いつも以上に楽しみな日だ。普段なら二度寝も検討する朝だが、今日はそれを選択しない。家事を一通り終え、11時になるのを待っていた。
二年ほど前に仕事とプライベートで台湾に行ったことがある。そこで出会った人たちは日本語も話せる人が多かった。これは以前も書いたことがある話だが、言葉が通じなくて注文ができず困っていた時に、後ろに並んでいた人が通訳をしてくれたことがある。助けてもらえて嬉しかったし、かっこいいと思った。そんな経験もあって、私も中国語で会話がしたいと前から思っていた。しかし一人で学ぶことは難しそうだと諦めていた。
転機は突然訪れた、と大げさに言うほどのことでもないが、なんてことない普段の会話の中で身内の知り合いに外国語の先生だった人がいることを知った。その人の知り合いに中国語を教えられる人はいないだろうかと尋ねたところ、先生を紹介してもらえることになった。
11時を迎え、先生とビデオ通話を繋いで授業が始まった。「私はあなたを見たことがあります。Negiccoの人ですか?」と言われて少し驚いた。もしかしたら紹介してくれた人から私のことが伝わっていたのかもしれない。それでも既に自分のことを知ってくれていると分かれば気持ちが楽だ。

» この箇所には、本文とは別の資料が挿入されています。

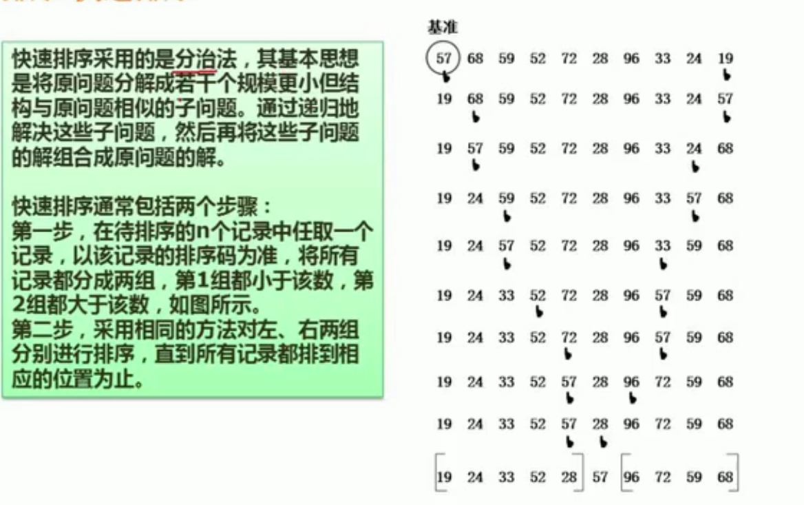 - 划分:把数组分成两部分——左边全是比基准小的,右边全是比基准大的;【注意:划分的时候要注意指针,与元素交换,两针相遇就停下】

初めての授業は中国語の特徴や発音のルールなどを習った。一対一の授業なのでわからないことはすぐに確認できるし、間違っている時もすぐに指摘してくれる。ずっとこういう学び方がしてみたかった。一時間の授業はあっという間に終わり、最後に宿題が出された。学生の頃は辛かった宿題。今改めて与えられると懐かしくて、嬉しくも感じた。
勉強はもともと好きだったが、大学を卒業した後はもうたくさんだという気持ちになっていた。しかし語学を始めた今、勉強は楽しいものだと改めて感じている。今年30歳を迎える私が与えられた“宿題”と向き合いながら、他にどんなことがやりたいだろうか、と自分の内側と向き合っている。